Overall, starting as an LLC has its downsides. LLCs are less common and may be less understood by investors and employees. Additionally, setting up and managing an LLC can be more expensive from both legal and tax perspectives. For example, the company is required to provide K-1s to members and treat members as self-employed.Given the complexities involved, it's advisable to seek assistance from an experienced accounting firm to ensure the conversion is executed properly, which can be a significant expense.

Founder: “Do investors care about whether my startup is a C-corporation?

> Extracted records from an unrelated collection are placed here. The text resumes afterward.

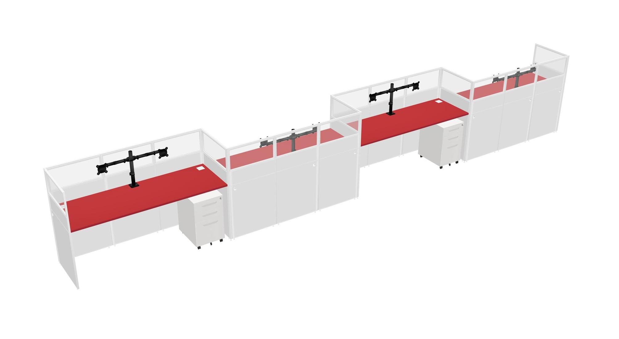 Prism Red Rectangular Cubicle Workstations For 4 - Zigzag Formation + White Metal Mobile Drawers
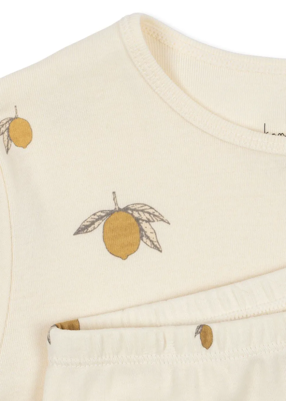 2-delt pyjamas fremstillet i 100% økologisk bomuld. Designet med bløde elastiske manchetter ved ærme- og benåbninger. Bukserne har en elastisk talje.
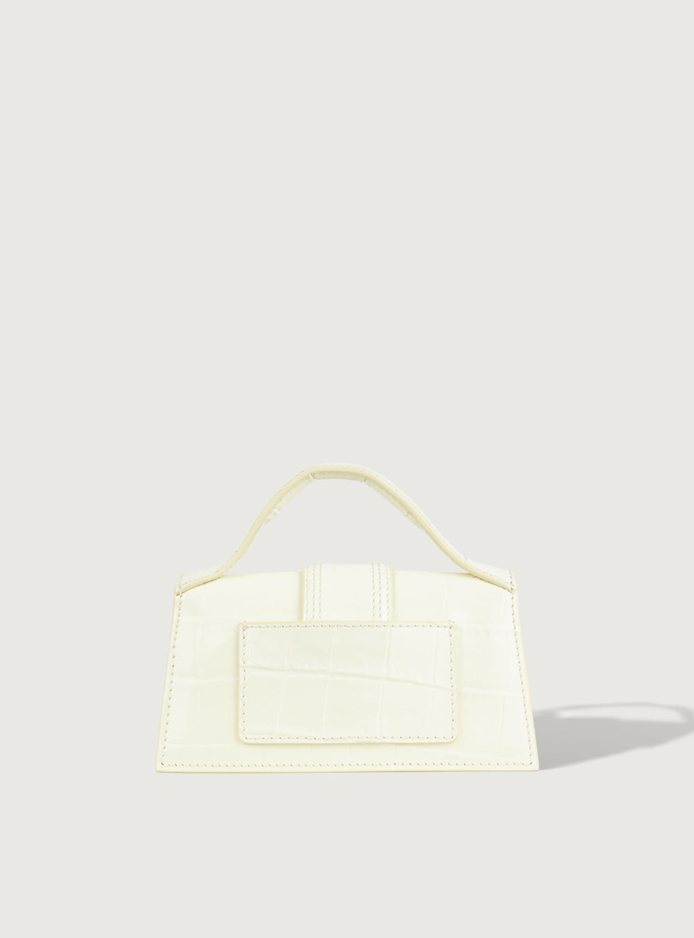 Le Bambino in pelle bianco avorio, motivo coccodrillo con logo dorato in rilievo. Battente con chiusura magnetica, manico piatto e tracolla rimovibile. Interno con tasca a soffietto.

Yes, they care a great deal and generally expect you to register your startup as a C-corp for the following reasons:

  • QSBS treatment. A C-corp is essential for the QSBS treatment, which can save a lot of money on taxes. If your investors qualify, it allows them to take $10M or 10 times their investment free of capital gains tax. This significant sum makes investors pay close attention to the QSBS and require the company to covenant in the investment documents that it won't jeopardize the QSBS qualification.
  • QSBS rollover. Section 1045 allows investors who have held QSBS for more than six months to defer recognizing gains from the sale of the stock if they reinvest the proceeds in another QSBS within 60 days from the sale. By doing so, they defer capital gains taxes until the newly acquired QSBS is sold. This rollover provision offers a tax deferral opportunity for investors who wish to continue investing in startups without immediately recognizing and paying taxes on their gains.
  • UBTI rules. You may already know that venture funds have their own investors, often referred to as limited partners or LPs. Many of these LPs are tax-exempt entities such as pension funds or endowments. Another factor that influences why venture investors generally prefer investing in C-Corps over LLCs is the Unrelated Business Taxable Income (UBTI) rules imposed by the IRS. UBTI can be generated from an LLC's business operations, and tax-exempt entities might have to pay taxes on this income. Conversely, C-Corps do not generate UBTI for their investors.

These are the reasons why venture funds will push you to convert an LLC into a C-corp. before investing.

Founder: “How to Set Up a Delaware C-Corp”

Here are your options:

  1. DIY Route: Start with our free startup launch checklist or watch this free YouTube guide.
  2. Startup Launch Package: If you’re building a venture-backed startup, ensure everything is done right from the beginning with this lawyer-assisted package. It includes incorporation, equity issuance, incentive plans, cap table setup, templates, and an investor-ready data room.

Final Takeaway

For startups planning to raise venture capital and scale quickly, a Delaware C-Corp is the clear choice. Its benefits—ranging from QSBS tax exclusions to scalability and investor appeal—make it the gold standard for founders.

Disclaimer: This post is for informational purposes only and does not constitute legal or tax advice. Consult professionals for tailored guidance.